# ABOUT THIS EXERCISE
Retype the lines below exactly, but only those from the line that has "Amérique 250 ans, peinture" through the line that has "Cheap Offer for". Omit every picture.

◆ ◆ ◆ ◆ ◆

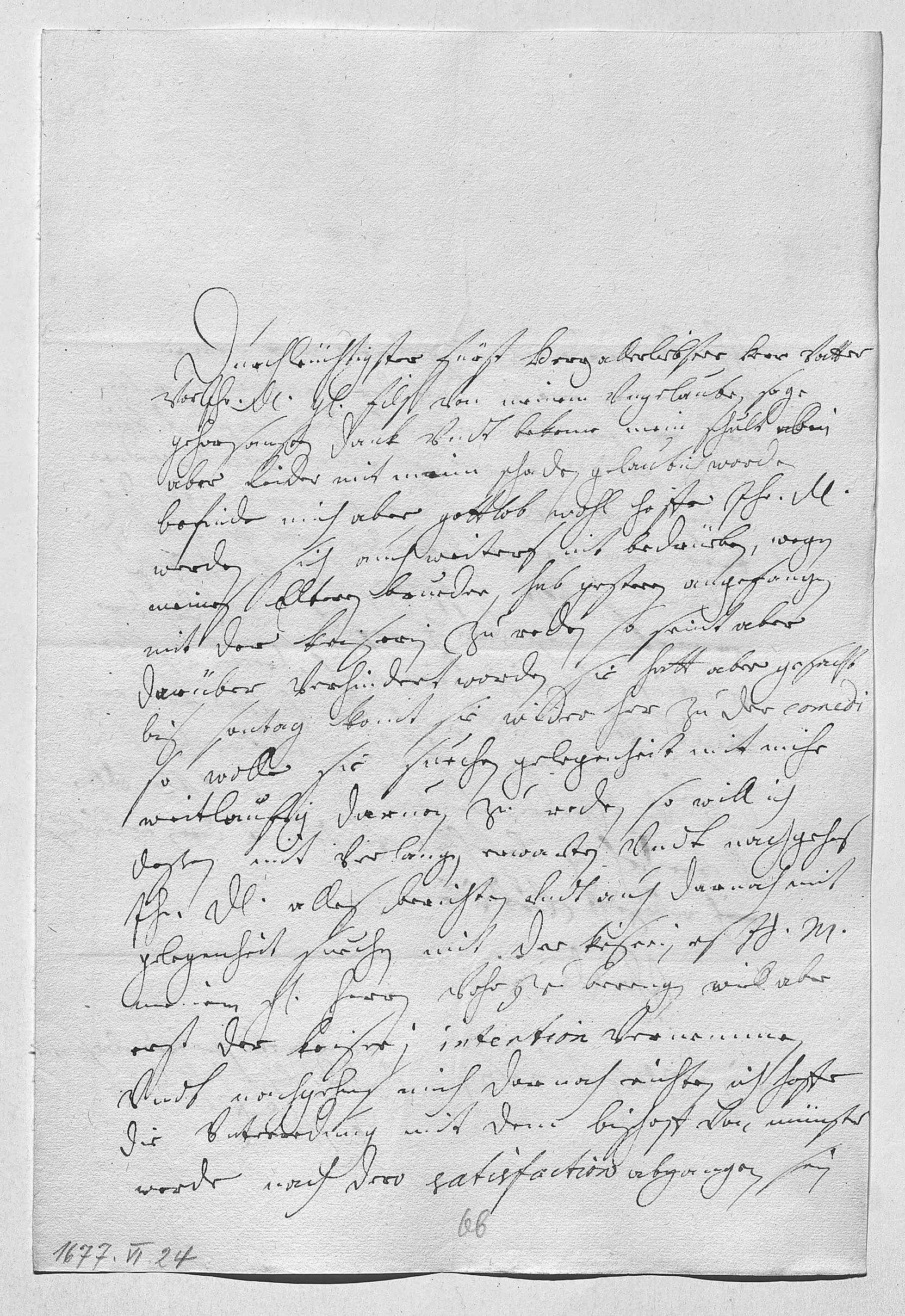 0001Durchleüchtigster Fürst, herz allerliebster herr vatter 0002Vor ihr Durchlaucht gnädigen fils von meinem vngelauben sage 0003gehorsamsten dank vndt bekenemein schult. Allein 0004aber leider ist mit mein schaden gelaubich worden, 0005befinde mich aber gottlob wohl, hoffe, ihr Durchlaucht 0006werden sich auch weiters nit bedrüeben. Wegen 0007meines elteren bruedern hab gesteren angefangen, 0008mit der Keiserin zu reden, so seindt aber 0009darüber verhindert worden. Sie hatt aber gesacht, 0010bis sontag komt sie wider her zu der comedi, 0011so wolle sie suechen gelegenheit, mit mihr 0012weitlaufig daruon zu reden. So will ich 0013deßen mit verlangen erwarten vndt nachgehns 0014ihr Durchlaucht alles berichten vndt auch darnach mit 0015gelegenheit suechen mit der Keiserin, es ihr Mayestät, 0016meinem gnädigsten herrn, vohr zu berengen. Will aber 0017erst der Keiserin intention vernemmen 0018vndt nachgehens mich darnach richten. Ich hoffe, 0019die vnterredung mit dem Bischoff von Münster 0020werde nach dero satisfaction abgangen sein.
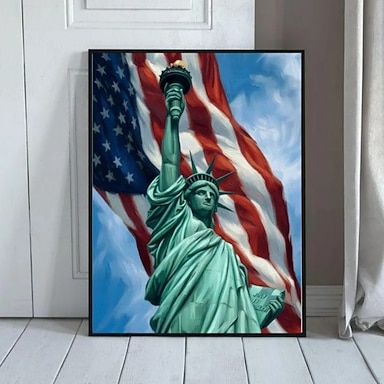 Amérique 250 ans, peinture à l'huile artisanale sur toile, décoration murale représentant étoiles, rayures et la Statue de la Liberté. Toile roulée, sans cadre et non tendue.
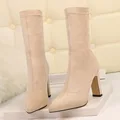 Cheap Offer for Plus Size High Heel Boots Sock Women 2019 Flock Shoes Sexy Party Thick Heel Ankle Booties Female Wi
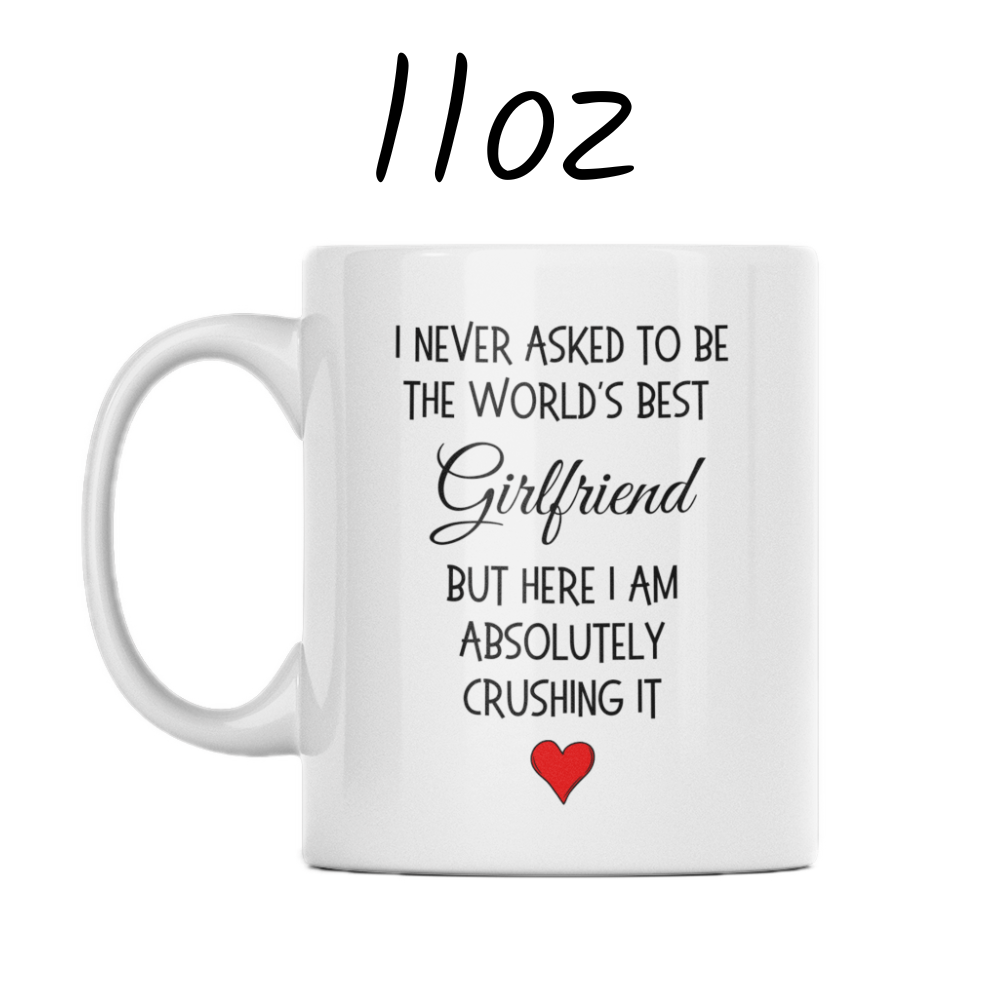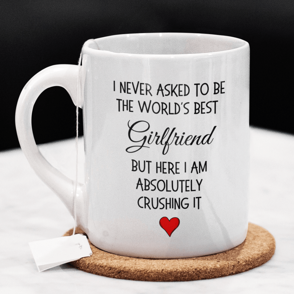 With our "I never asked to be the world's best girlfriend but here I am absolutely crushing it." coffee mug, show her how much you admire her fun and fantastic ways. It’s the ultimate way to add a little humor and a lot of love to her day, every day!
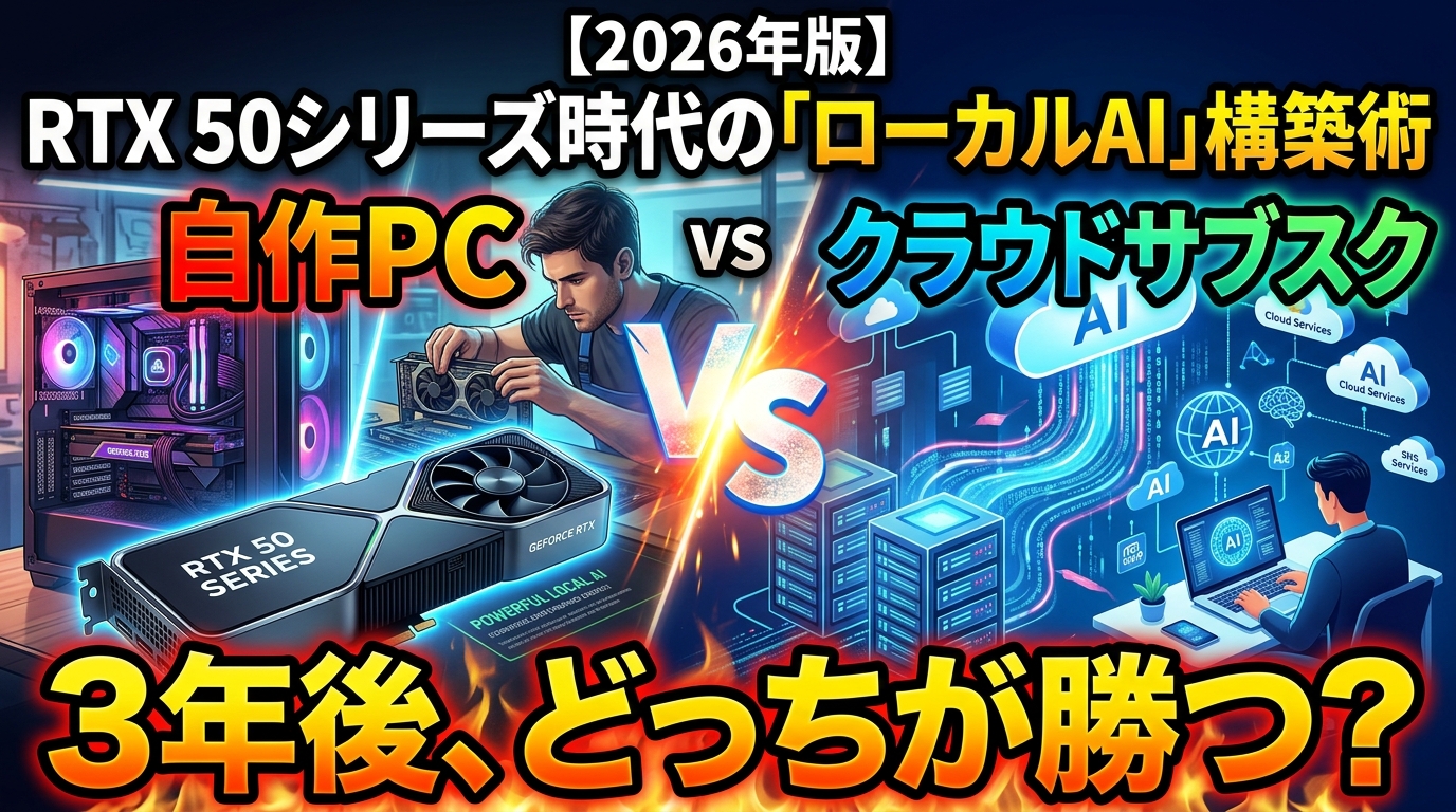 RTX 60シリーズ(次世代)の影: 2027年〜2028年頃に登場が予想される次世代機では、さらなるVRAMの増量や、AI専用の新しいデータ形式への対応が予想されます。しかし、2026年の今、50シリーズを導入することで得られる「3年間の先行者利益」は、待機するコストを遥かに上回ります。

◆ ◆ ◆ ◆ ◆

# FINISHED EXERCISE
 Amérique 250 ans, peinture à l'huile artisanale sur toile, décoration murale représentant étoiles, rayures et la Statue de la Liberté. Toile roulée, sans cadre et non tendue.
 Cheap Offer for Plus Size High Heel Boots Sock Women 2019 Flock Shoes Sexy Party Thick Heel Ankle Booties Female Wi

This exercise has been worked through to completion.